(Your objective)
Please copy exactly the lines from the one containing "شکل ۱۱-۵- (راست)" to the end of the entries, both included, and nothing else. Omit every picture.

(Supplied records)
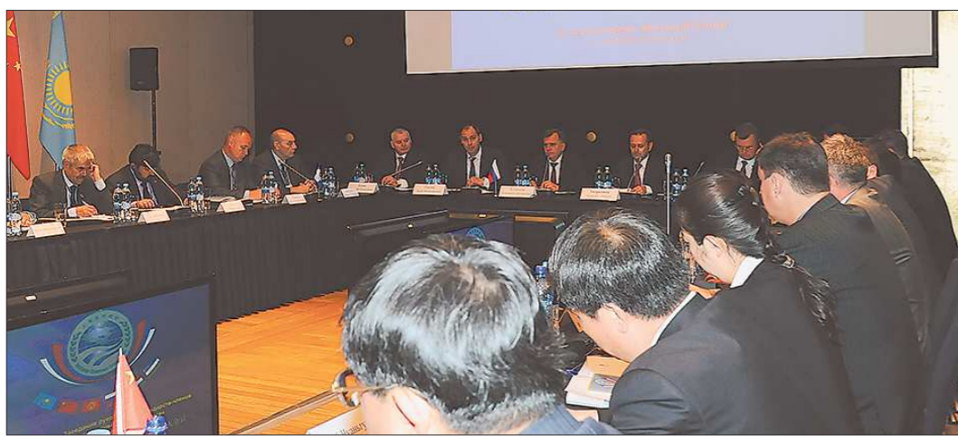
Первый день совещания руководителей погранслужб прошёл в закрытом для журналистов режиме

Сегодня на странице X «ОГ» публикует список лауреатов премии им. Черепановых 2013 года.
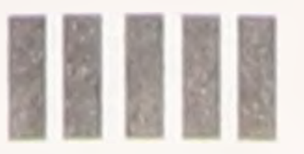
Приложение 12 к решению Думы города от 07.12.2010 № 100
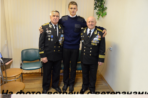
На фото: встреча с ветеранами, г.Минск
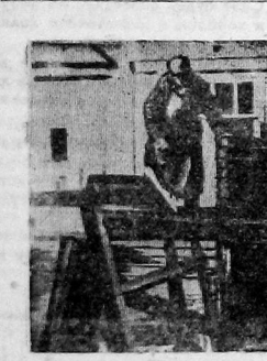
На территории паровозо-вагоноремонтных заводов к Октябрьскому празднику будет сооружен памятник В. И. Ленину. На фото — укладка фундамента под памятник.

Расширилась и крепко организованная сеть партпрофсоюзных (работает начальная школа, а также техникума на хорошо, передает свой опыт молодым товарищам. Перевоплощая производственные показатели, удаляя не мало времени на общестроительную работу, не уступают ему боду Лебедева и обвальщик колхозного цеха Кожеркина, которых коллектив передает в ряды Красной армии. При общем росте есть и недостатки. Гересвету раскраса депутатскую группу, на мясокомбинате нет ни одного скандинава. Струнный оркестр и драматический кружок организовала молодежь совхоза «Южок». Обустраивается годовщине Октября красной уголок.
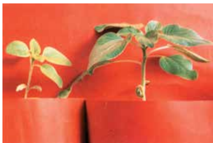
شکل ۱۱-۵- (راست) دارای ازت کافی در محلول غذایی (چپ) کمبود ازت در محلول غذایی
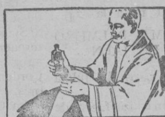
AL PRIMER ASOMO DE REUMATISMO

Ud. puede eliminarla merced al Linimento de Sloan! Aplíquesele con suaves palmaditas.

(Response area)
شکل ۱۱-۵- (راست) دارای ازت کافی در محلول غذایی (چپ) کمبود ازت در محلول غذایی
AL PRIMER ASOMO DE REUMATISMO

Ud. puede eliminarla merced al Linimento de Sloan! Aplíquesele con suaves palmaditas.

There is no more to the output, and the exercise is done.